Closing the Deal with Iraq

WASHINGTON -- U.S. and Iraqi negotiators are days away from agreeing on an "aspirational" date for withdrawing American combat troops from Iraq. Barack Obama and John McCain will find language in the accord to allow each to take credit on the campaign trail for shaping that outcome. But the big political winner from this slimmed-down, vague agreement on U.S. forces will be Iraqi Prime Minister Nouri al-Maliki -- whom the Bush administration seriously considered pushing out of office last year but has learned to accommodate.

Something surprising is happening to the once rigid, self-centered George W. Bush presidency. The administration is adjusting policy to reflect the changing political landscape of the U.S. -- and of Iraq, where Maliki has emerged as the center of gravity in Shiite politics as other leaders fail physically and politically.

Bush's desire for an enhanced legacy and a smooth transition in Washington seems to have overcome his instinctive insistence on deciding everything on his own principles and needs. Life imitates art; Bush's diplomacy in its twilight months reflects world politics as it never did before.

In finally sending a senior State Department official to Geneva last month for nuclear talks with Iran, Bush simultaneously deprived the Iranians of an excuse not to pursue negotiations and reduced the saliency of Obama's campaign pledge to talk to Tehran.

About the same time, Bush reluctantly decided to allow U.S. negotiators to set specific timetables for withdrawing combat units from Iraq -- as Obama has demanded -- as long as they also obtained references to the withdrawals being based on battlefield conditions, as McCain and U.S. commanders want.

The deliberate ambiguity allows Maliki to maintain some of the future flexibility that his own security forces want while claiming immediate political credit for getting Washington to agree to get combat troops out of Iraqi cities and towns on a fixed schedule.

The Iraqis' first draft mentioned 12 months, I am told, and then shifted to 16 months. That intentionally or otherwise coincided with Obama's plan, as Maliki indicated in public, and was therefore anathema to the administration. A text of the final draft being circulated earlier this month showed the withdrawal period as "TBD" (to be determined) after Bush and Maliki failed to agree to a timetable in a telephone conversation on July 30.

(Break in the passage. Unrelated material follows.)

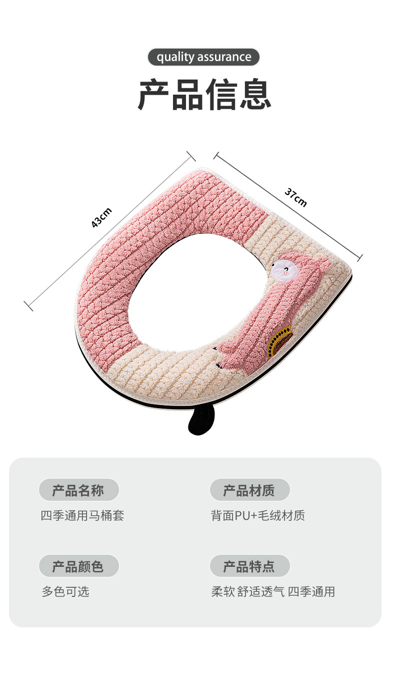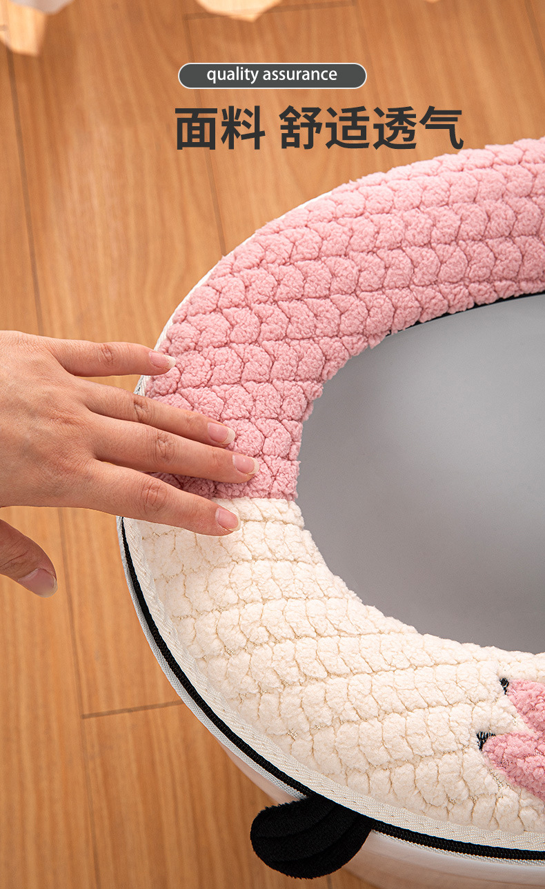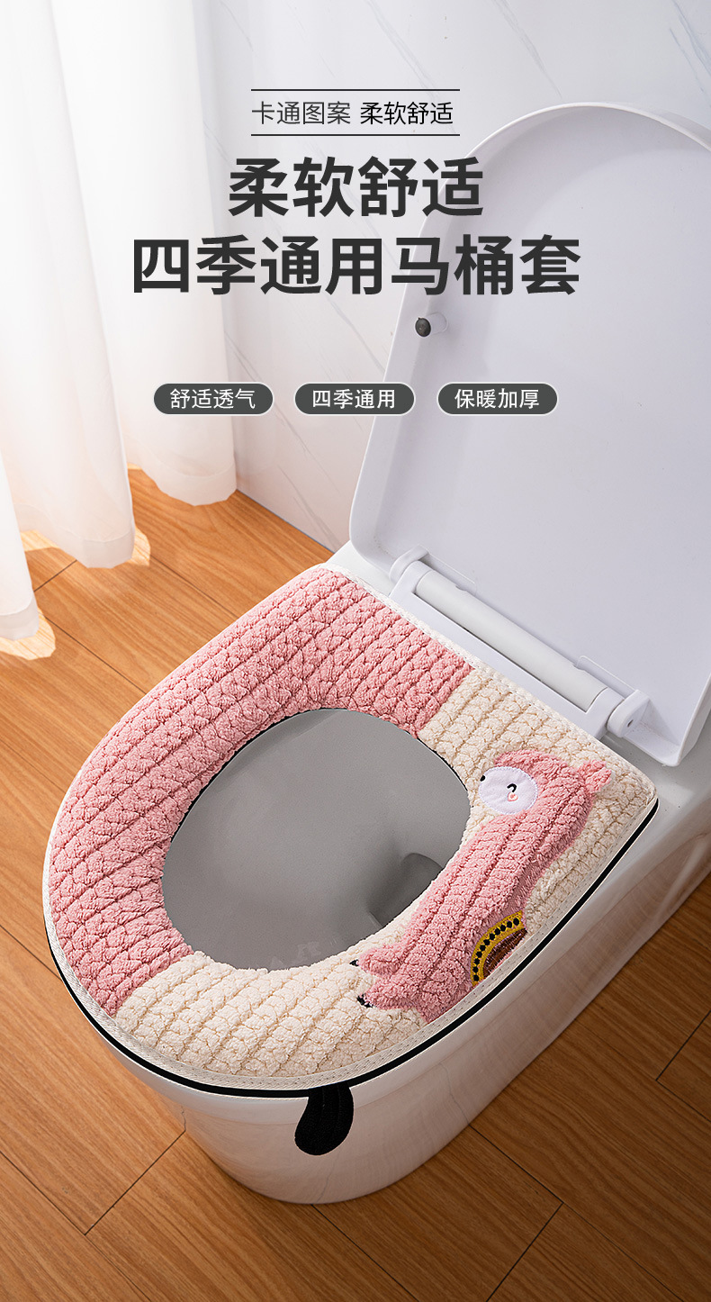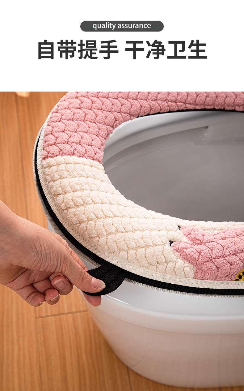【柔软舒适自带提手!马桶坐垫四季】易于清洗,不易掉毛拉链款马桶坐垫四季家用可爱刺绣马桶圈盖拉链式毛绒提手坐便套

The negotiating teams then went back to work on a set of documents, which include a memorandum of understanding, a strategic framework statement and various side agreements. Together these documents will constitute what some U.S. officials characterize as a "lite" version of the typical status-of-forces agreement.

This collective accord will recognize Iraq's sovereignty over its territory, which is currently constrained by U.N. Security Council resolutions that govern the presence of foreign forces in Iraq. But the new agreements will also recognize implicitly that Iraq is unlikely to be able to defend its own borders, operate its own air traffic control, provide logistics for its own military forces or run its own prison systems anytime soon. Iraq will delegate many of its nominal powers back to U.S. forces "temporarily" under these provisions.

Similar waivers and delegations will ensure that U.S. military personnel are not subject to Iraqi jurisdiction, and will provide some limited protection for civilian contractors, depending on what duties they perform and for whom.

This path is fraught with the perils of misunderstanding and the potential of double cross. And the Bush team has made it even more difficult by not including Congress in the shaping of the security agreements, as many Democrats have demanded.

Iraqi politics are especially volatile at the moment. Abdul Aziz al-Hakim, leader of the Supreme Council for the Islamic Revolution in Iraq that dominates the Shiite regions of southern Iraq, is terminally ill and close to death, according to Iraqi sources. Moqtada al-Sadr has lost control over his Shiite movement, and a collective leadership is being formed to replace him. (Moreover, President Jalal Talabani is in the U.S. for treatment at the Mayo Clinic for an undisclosed, not life-threatening, illness.)

Bush waited far too long to get serious about giving Iraqis control over their country. He must now rush and take huge risks in closing the deal with Maliki, seen today as a reborn pragmatist who spent most of his life in a political party steeped in Stalinism and anti-Western attitudes.

Letting Congress get an early look and shoulder more responsibility for this accord is likely to be the smart thing, as well as the right thing, for Bush to do.